Working data:
######

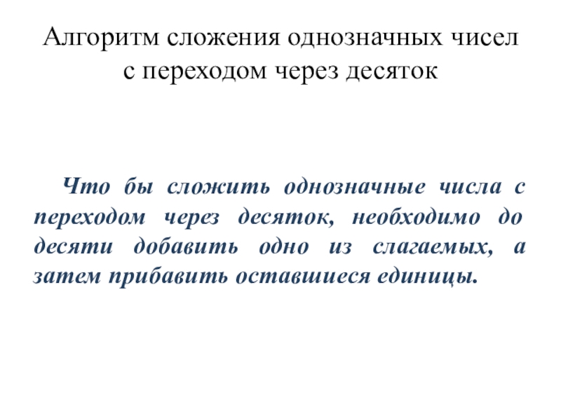 Алгоритм сложения однозначных чисел с переходом через десятокЧто бы сложить однозначные числа с переходом через десяток, необходимо
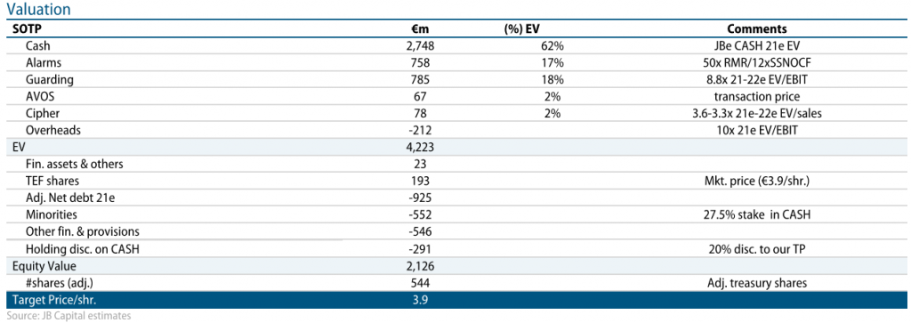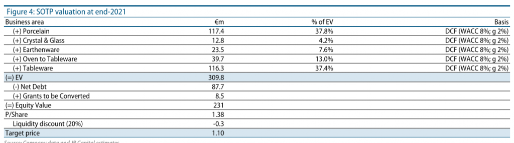 Esta semana JBCapital ha actualizado su valoración tras esta negociación y después de una valoración mediante suma de partes obtienen un precio objetivo de 1,1 euros por acción (potencial del 16% desde el nivel de mercado), es una valoración muy conservadora, en nuestra opinión, para nosotros la compañía tendría un valor intrínseco de entre 1,20 y 1,30 euros por acción.
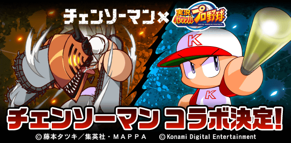 株式会社コナミデジタルエンタテインメントは、人気アニメ『チェンソーマン』とモバイルゲーム『実況パワフルプロ野球』(以下、『パワプロアプリ』)のコラボレーションが明日3月16日(木)メンテナンス終了後からスタートすることをお知らせします。
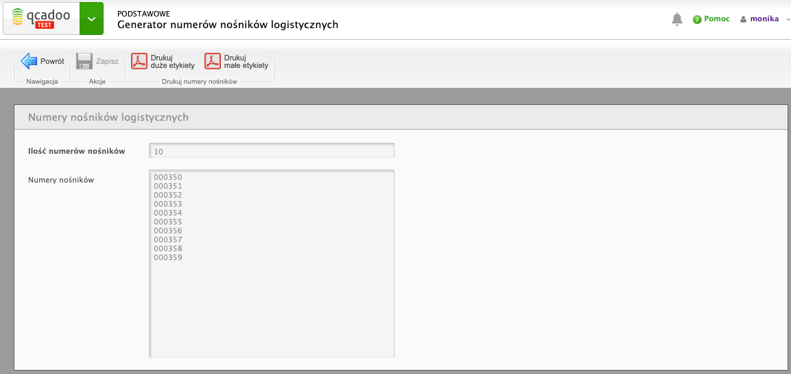 Pracownicy na przyjęciu towaru na magazynie dbają o to, by mieć stale wydrukowane numery nośników. Generują je z qcadoo, wchodząc w Podstawowe > Generator numerów nośników logistycznych. Podają liczbę potrzebnych numerów i zapisują, co powoduje ich wygenerowanie:
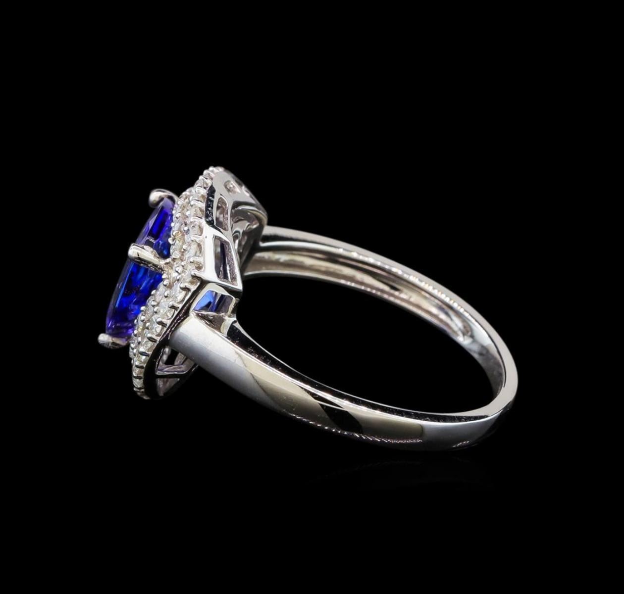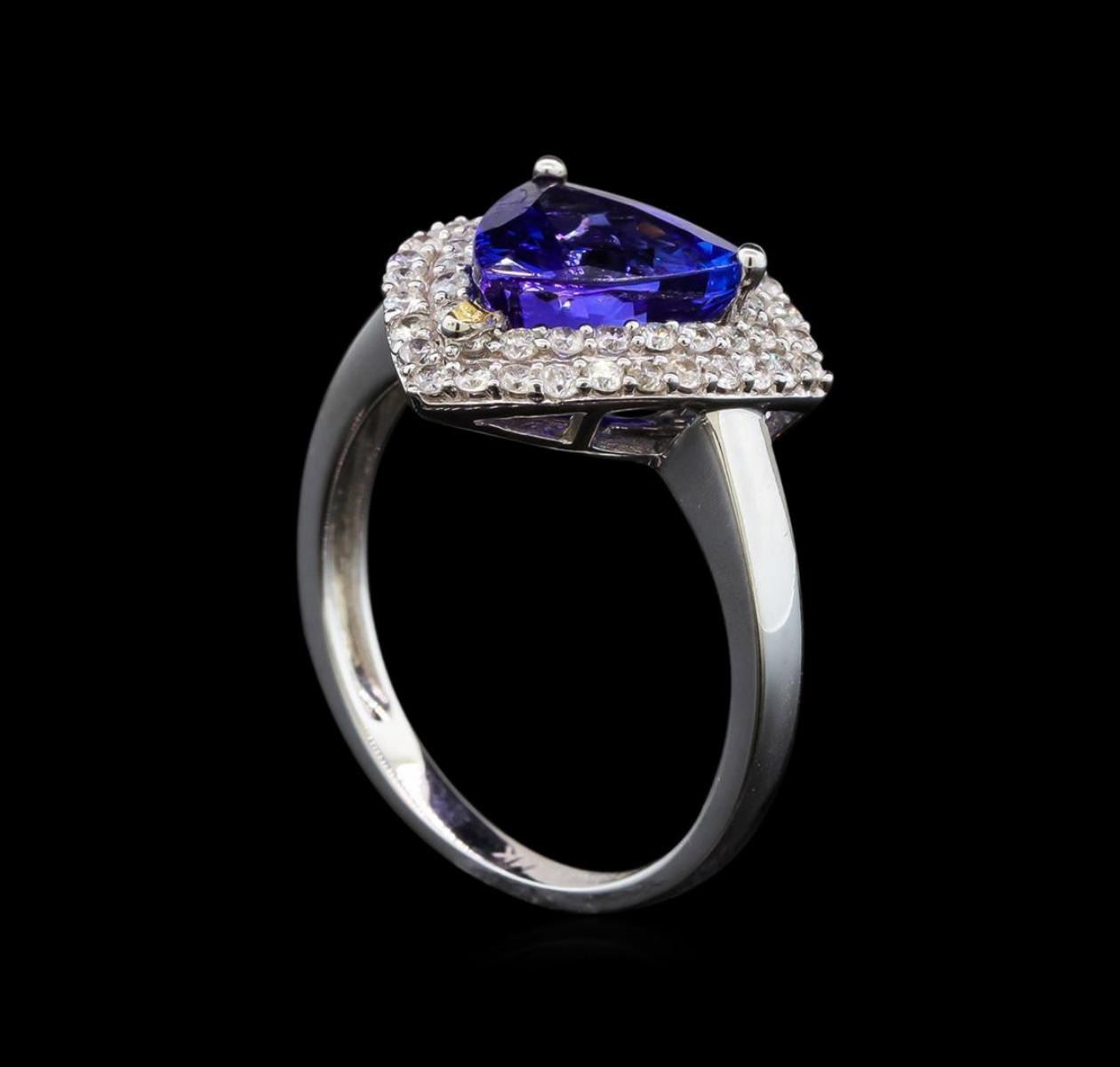 One electronically tested 14KT white gold ladies cast tanzanite and diamond ring with a flat shank with a bright polish finish. Trademark is Orianne. Identified with markings of "14K". Condition is new. Containing: One prong set triangle modified brilliant cut natural tanzanite, measuring 8.25 x 8.64 x 4.86mm, approximate weight of 2.09ct., clarity is eye clean, type I, medium light, very slightly grayish, bluish violet color, (GIA bV 4/3), cut is good. Fifty-One prong set round brilliant cut diamonds, measuring 1.20 - 1.20 x 0.72mm (depth est.) approximate total weight of 51 Stones = 0.32ct. Clarity: SI-2 to I-2. Color: I - J, Cut is Good. All diamonds and colored gemstones are graded in the mounting, unless otherwise stated. Colored gemstones are presumed to have been subjected to commonly used enhancement processes. Total Weight of Colored Stones 2.09ct. Total Weight of Diamonds 0.32ct. Total Weight of Ring 3.60 grams. GGL Appraised.

######

Problem statement: In the records above, find the line with "株式会社コナミデジタルエンタ" and the line with "Pracownicy na przyjęciu"; please transcribe exactly those two lines and all lines between them, omitting any picture.

Reply to the task:
 株式会社コナミデジタルエンタテインメントは、人気アニメ『チェンソーマン』とモバイルゲーム『実況パワフルプロ野球』(以下、『パワプロアプリ』)のコラボレーションが明日3月16日(木)メンテナンス終了後からスタートすることをお知らせします。
 Pracownicy na przyjęciu towaru na magazynie dbają o to, by mieć stale wydrukowane numery nośników. Generują je z qcadoo, wchodząc w Podstawowe > Generator numerów nośników logistycznych. Podają liczbę potrzebnych numerów i zapisują, co powoduje ich wygenerowanie:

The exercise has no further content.